__Problem to solve__. Reproduce exactly the line that contains "Planet Color Key: The" and every line after it through the end of the records below, leaving out all pictures.

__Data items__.
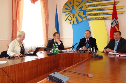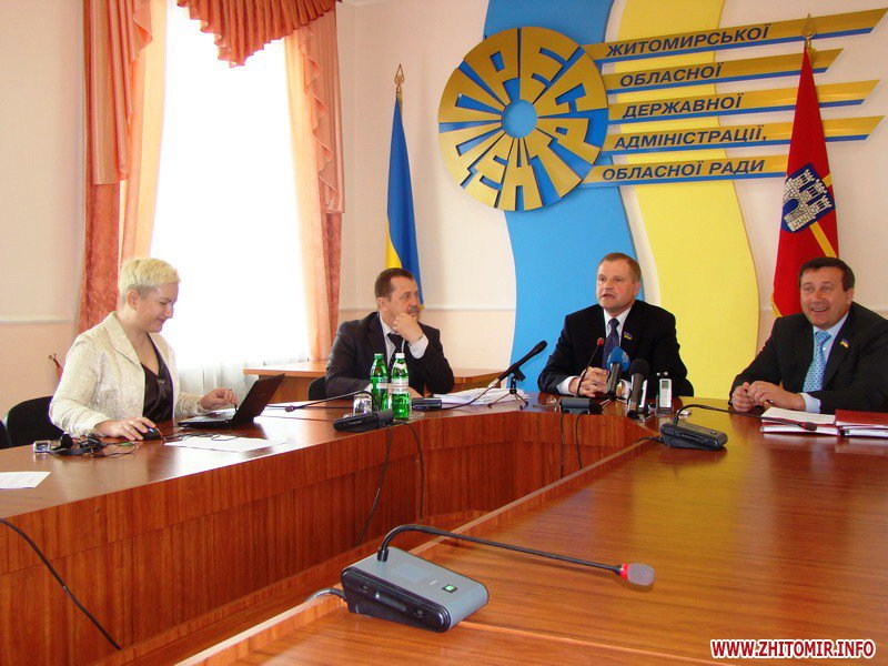 Журналістів запросили тільки на прес-конференцію, яку мав провести губернатор Житомирської області Сергій Рижук за підсумками колегії. Оскільки голову адміністрації терміново запросили в адміністрацію президента у Київ, захід провели перший заступник губернатора Житомирської області Микола Олещенко та заступник губернатора - керівник апарату обласної державної адміністрації Олександр Никитюк.
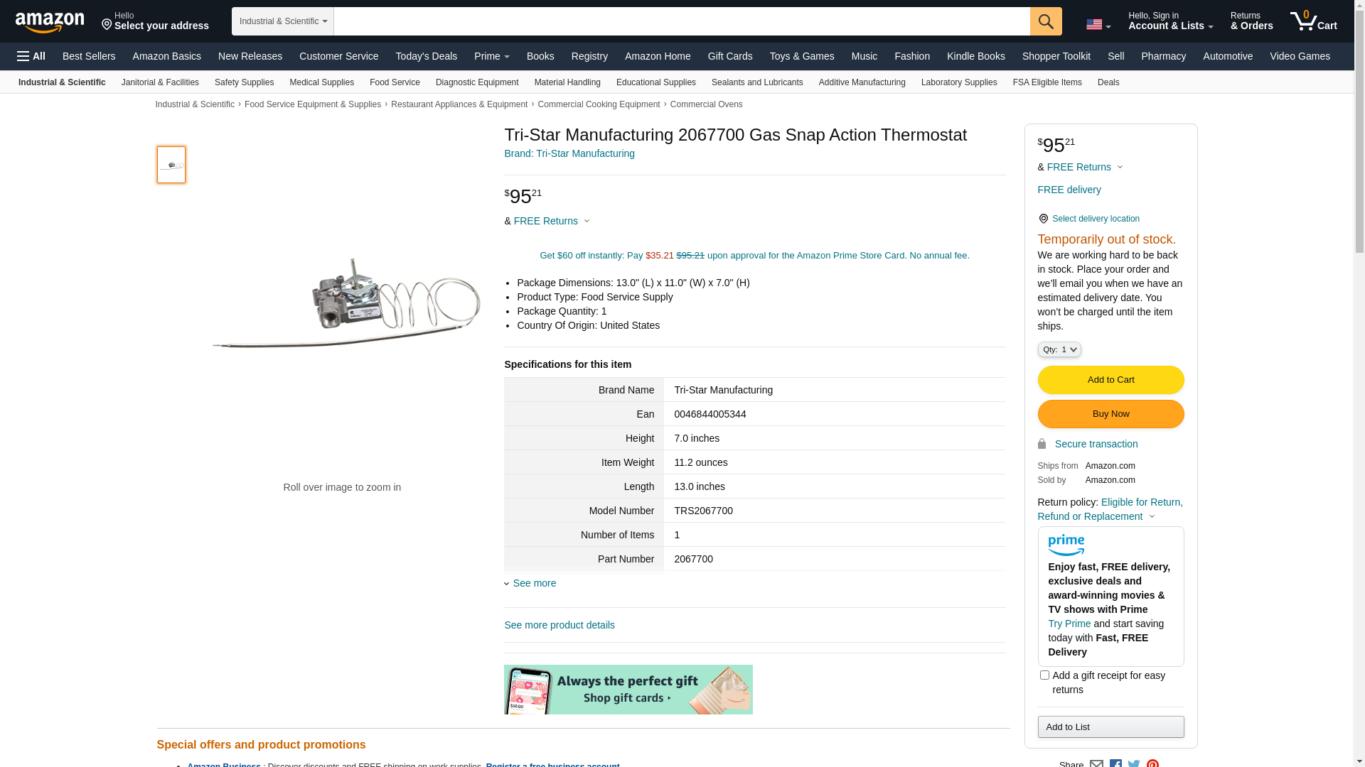 Tri-Star Manufacturing 2067700 Gas Snap Action Thermostat
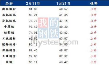 具体各品种指数来看,2月11日建筑91视频在免费线观看无缝钢管情绪指数为81.8,较1月21日回升21.23;热轧板卷情绪指数为83.21,较1月21日回升21.86;冷轧板卷情绪指数为78.77,较1月21日回升31.62;中厚板情绪指数为93.42,较1月21日回升33.12;结构钢情绪指数为74.08,较1月21日回升30.45;工业线材情绪指数为66.9,较1月21日回升3.03;镀锌板卷情绪指数为86.12,较1月21日回升31.32;焊接91视频在免费线观看钢管情绪指数为87.4,较1月21日回升18.53;无缝91视频在免费线观看钢管情绪指数为92.05,较1月21日回升9.66;带钢情绪指数为85.11,较1月21日回升21.62。
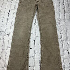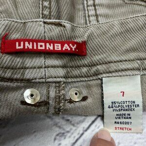 Preloved Union Bay vintage tan corduroy pants in a women's size 7. These low-rise corduroys capture the iconic Y2K and vintage aesthetic with their classic fit and versatile tan color. They're a perfect staple for a retro-inspired or casual everyday outfit.
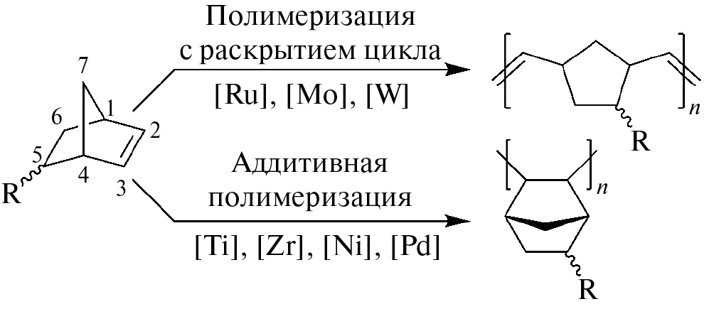 Норборнен (НБ) и его производные (НБ-R) – доступный и перспективный класс циклоолефинов для применения в качестве мономеров [4–7]. Их источниками являются крупнотоннажные продукты нефтепереработки: циклопентадиен, этилен, алкены [3]. Существуют два основных метода полимеризации циклоолефинов. Первый – полимеризация с раскрытием цикла под действием катализаторов метатезиса (схема 1) [3, 5, 7, 8–10], который хорошо разработан благодаря работам групп Шрока (Schrock R. R.) [8, 11], Граббса (Grubbs R. H.) [12–14], Ховейды (Hoveyda A. H.) [15, 16] и др. Метатезисные полимеры используются в качестве маслопоглотителей, виброи звукопоглощающих материалов, а также материалов с повышенной ударной вязкостью и коррозионной стойкостью. Коммерчески доступные катализаторы на основе комплексов рутения [10] обладают высокой каталитической активностью, устойчивостью к функциональным группам.
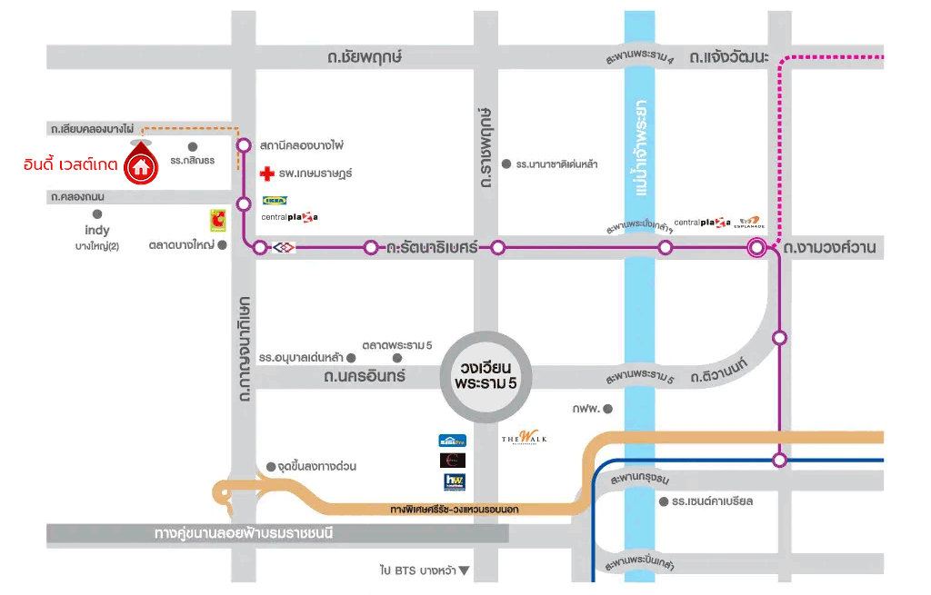 - ใกล้ห้างสรรพสินค้าCentral Westgate, Big C Extra บางใหญ่
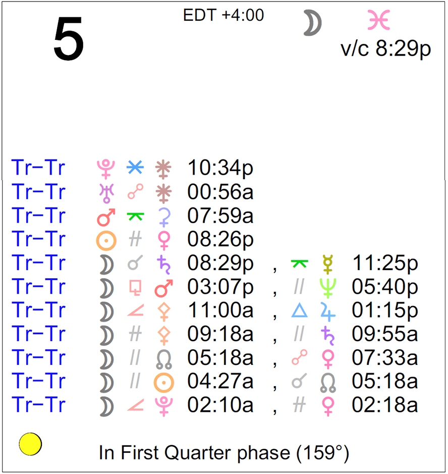 Planet Color Key: The longer the bar, the slower the aspecting planet, and the longer the duration of the planet’s transit.
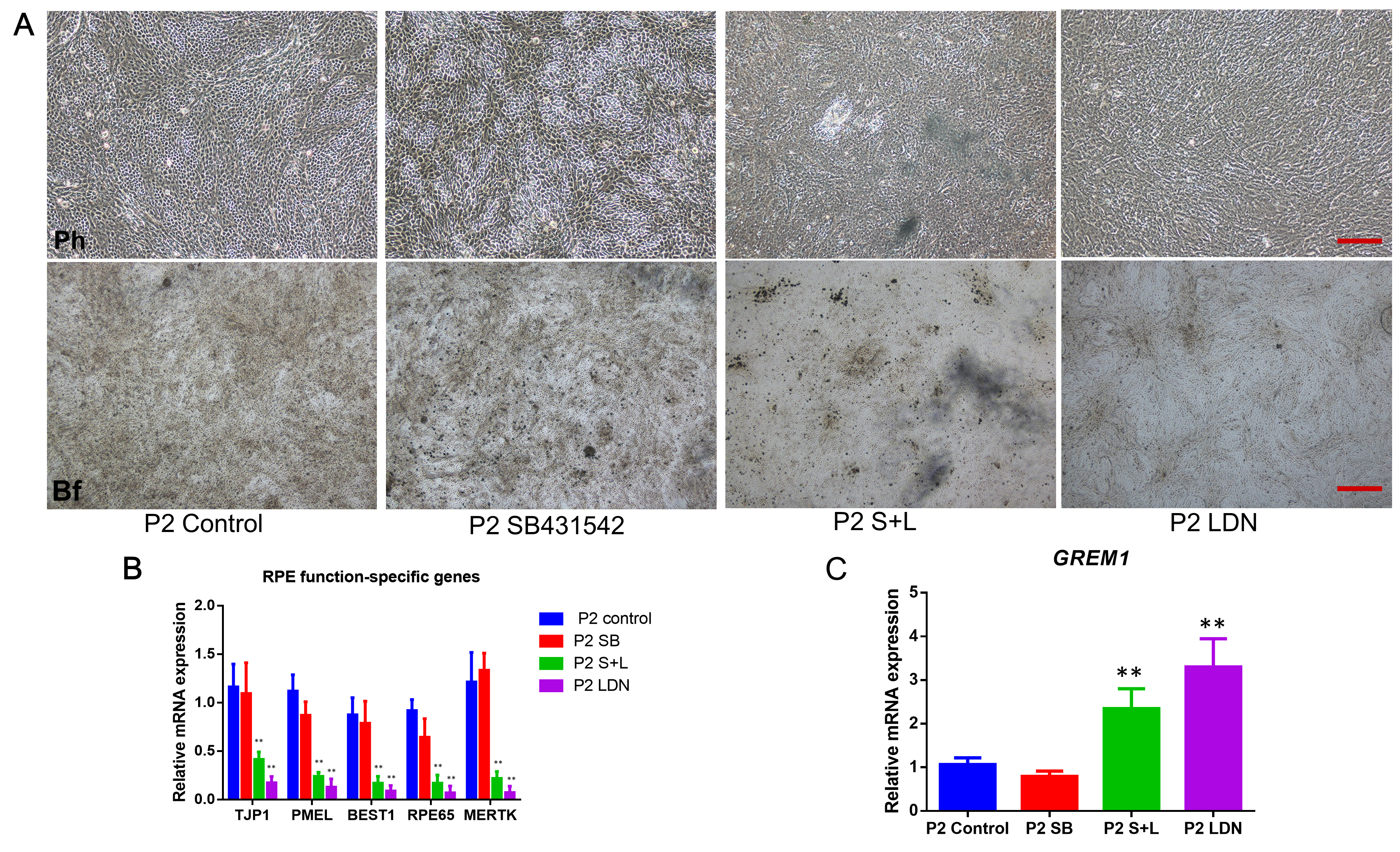 Figure 6. Completely blocking the BMP pathway inhibited redifferentiation in low passage fetal RPE cells and upregulated GREM1A: Four groups: the control group, SB group, S+L group, and LDN group. After treatment, the phase contrast micrographs demonstrate
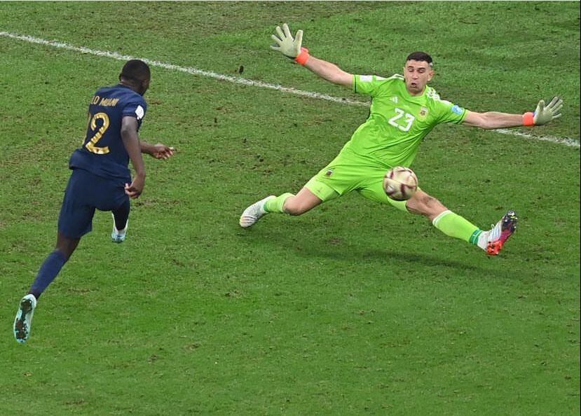 120 minutos. El árbitro adicionó tres minutos, pero ya van unos segundos más. La defensa argentina que intenta achicar pero la pelota le pasa a Otamendi y picando le quedó a Kolo Muani.
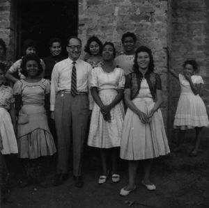 Héctor Abad Gómez con un grupo de promotoras rurales de salud en Santo Domingo Antioquia. Foto alrededor de 1964. Archivo familiar-Corporación Héctor Abad Gómez.
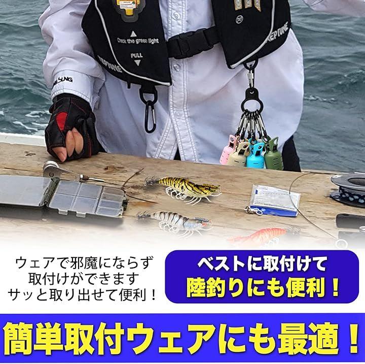 「効率的な収納」このカラビナ付きエギホルダーは、最大6本のエギ(ルアー)を一度に収納できる設計で、釣り場でのエギの取り出しやすさを大幅に向上させます。
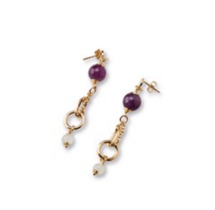 Orecchini in ottone placcato rosè impreziosito da sfere da ametista e agata rosa.
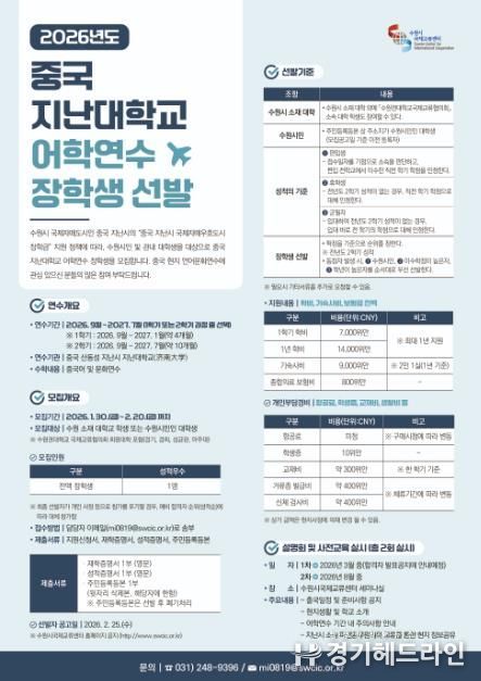 [경기헤드라인=문수철 기자] 수원특례시는 2월 20일까지 ‘2026년도 지난대학교 어학연수 장학생 프로그램’ 참가자 1명을 모집한다.
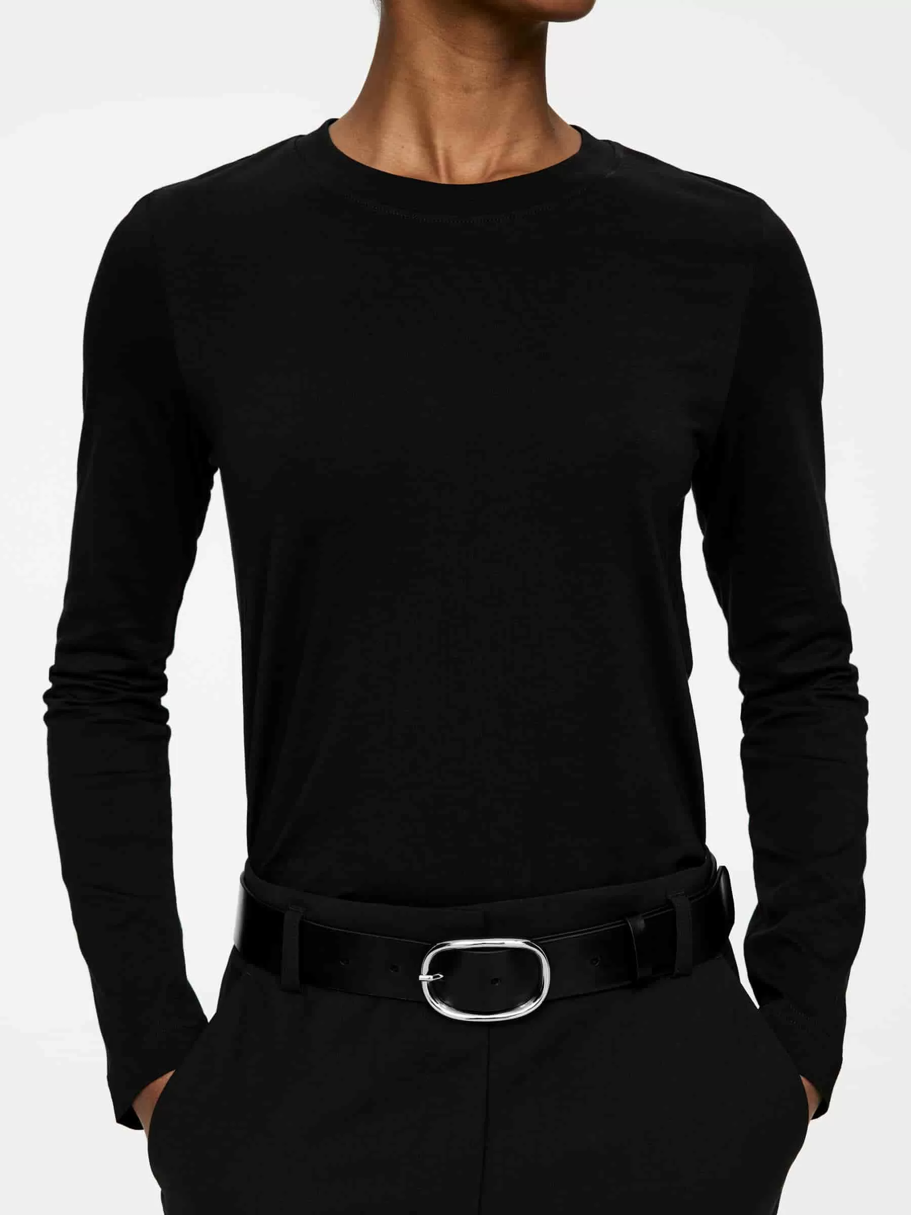 Langärmliges T-Shirt aus leichtem Baumwolljersey. Mit Rundhalsausschnitt und normaler Passform.
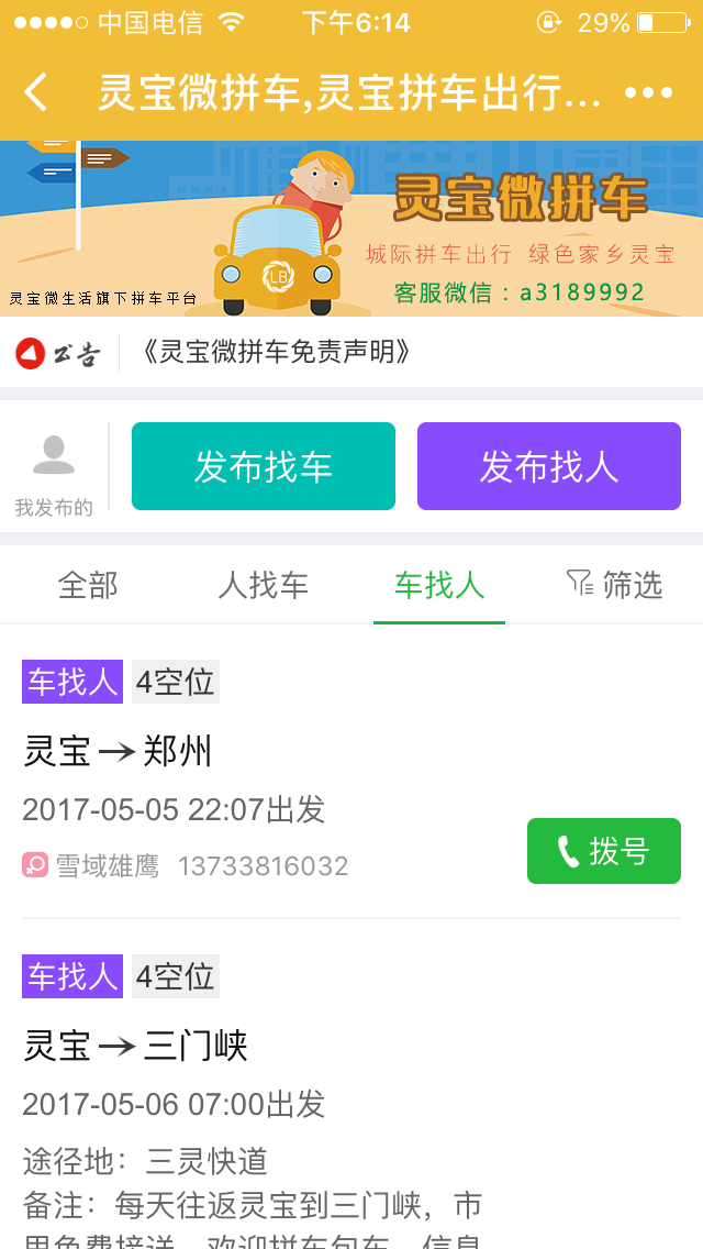 灵宝微生活旗下的拼车服务平台,方便大家共享出行资源,绿色出行

__Task output__.
 Planet Color Key: The longer the bar, the slower the aspecting planet, and the longer the duration of the planet’s transit.
 Figure 6. Completely blocking the BMP pathway inhibited redifferentiation in low passage fetal RPE cells and upregulated GREM1A: Four groups: the control group, SB group, S+L group, and LDN group. After treatment, the phase contrast micrographs demonstrate
 120 minutos. El árbitro adicionó tres minutos, pero ya van unos segundos más. La defensa argentina que intenta achicar pero la pelota le pasa a Otamendi y picando le quedó a Kolo Muani.
 Héctor Abad Gómez con un grupo de promotoras rurales de salud en Santo Domingo Antioquia. Foto alrededor de 1964. Archivo familiar-Corporación Héctor Abad Gómez.
 「効率的な収納」このカラビナ付きエギホルダーは、最大6本のエギ(ルアー)を一度に収納できる設計で、釣り場でのエギの取り出しやすさを大幅に向上させます。
 Orecchini in ottone placcato rosè impreziosito da sfere da ametista e agata rosa.
 [경기헤드라인=문수철 기자] 수원특례시는 2월 20일까지 ‘2026년도 지난대학교 어학연수 장학생 프로그램’ 참가자 1명을 모집한다.
 Langärmliges T-Shirt aus leichtem Baumwolljersey. Mit Rundhalsausschnitt und normaler Passform.
 灵宝微生活旗下的拼车服务平台,方便大家共享出行资源,绿色出行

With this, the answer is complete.